Por Diego Pérez Ordóñez.
Ilustración Tito Martínez.
Edición 434 – julio 2018.
Los libros siempre han conversado conmigo y me han enseñado muchas co-sas tiempo antes de que esas cosas entraran materialmente en mi vida, y los volú-menes físicos han sido para mí algo muy similar a criaturas vivientes que compar-ten mi cama y mi mesa.
Alberto Manguel,
Mientras embalo mi biblioteca.
Como en casi todos los aspectos, en la república de los libros caben relaciones de distinto pelaje y condición, que pueden ir desde la indiferencia absoluta (aplicable para la mayoría de los mortales) hasta el más incondicional e irreverente ardor, carnal y lujurioso, del bibliómano o del bibliófilo, con estadios intermedios, necesarios y algo neutros, como la necesidad profesional de contar con el libro como un instrumento de trabajo o de estudio. Se supone, en este punto, que el bibliómano es el comprador o conseguidor compulsivo de libros, indistintamente de sus atributos (de los atributos de los objetos); se supone también que el bibliófilo clasifica más bien en la categoría de los coleccionistas, de aquellos que husmean en las librerías anticuarias en su búsqueda de joyas o de los que compran viejas bibliotecas o volúmenes especiales.

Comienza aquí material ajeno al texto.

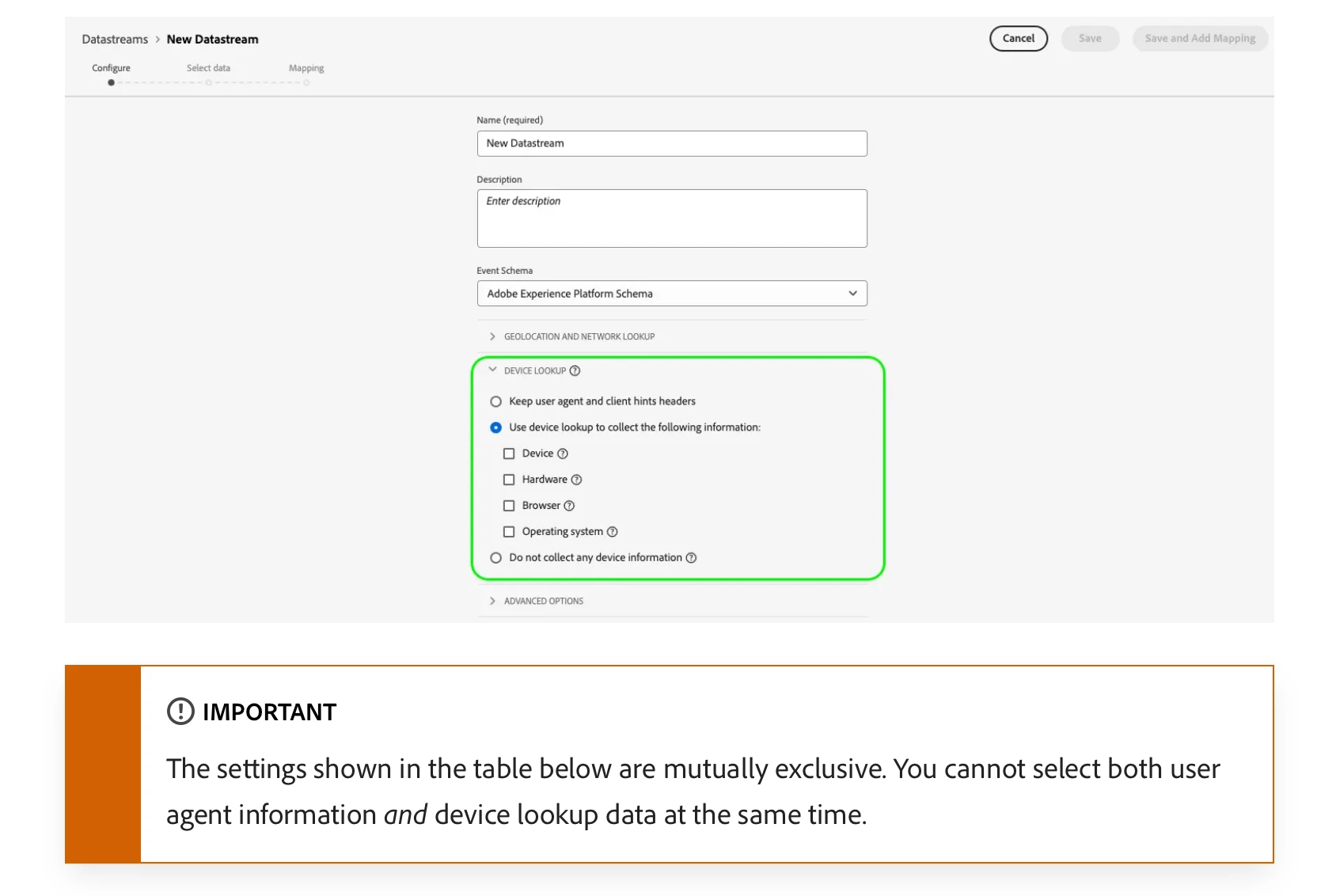 Is this something which will only work if 'Use device to lookup for the following information' is checked and user agent disabled? any extra steps on mapping?
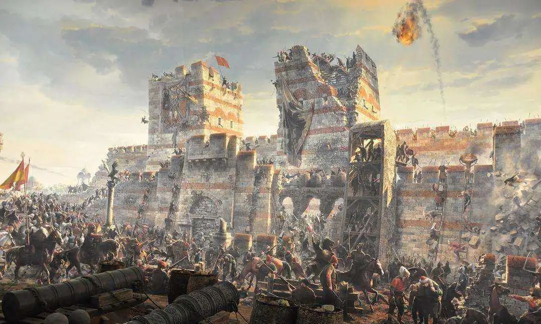 固守坚城的原型是君士坦丁堡战役,发生在公元1453年,奥斯曼土耳其帝国灭亡拜占庭帝国(东罗马帝国)的攻城战。

En relación con todo lo anterior, en el caso de los libros caben también relaciones adictivas y vergonzantes (como la del lector contumaz que esconde sus objetos de deseo en diferentes anaqueles de las librerías, a la espera del pago de la quincena o de algún ingre-so imprevisto), matrimonios de conveniencia (como los del gran y suntuoso empresario que compraba libros por metros en una librería de viejo, para disimular en algo su analfabetismo funcional) o amantazgos, en los que el libro es un cómplice carnal, un amigo amoroso. Hay lugar, también, para relaciones que pudieran coquetear con lo delictivo, como aquel cura chileno (creo que se llamaba Alfonso Escudero) que se guardaba libros ajenos debajo de la sotana, como lo contó Roberto Bolaño en alguna vieja entrevista. Y también, a modo de ejemplo, puede haber asimismo relaciones puramente transaccionales: préstamos, canjes y regalos interesados.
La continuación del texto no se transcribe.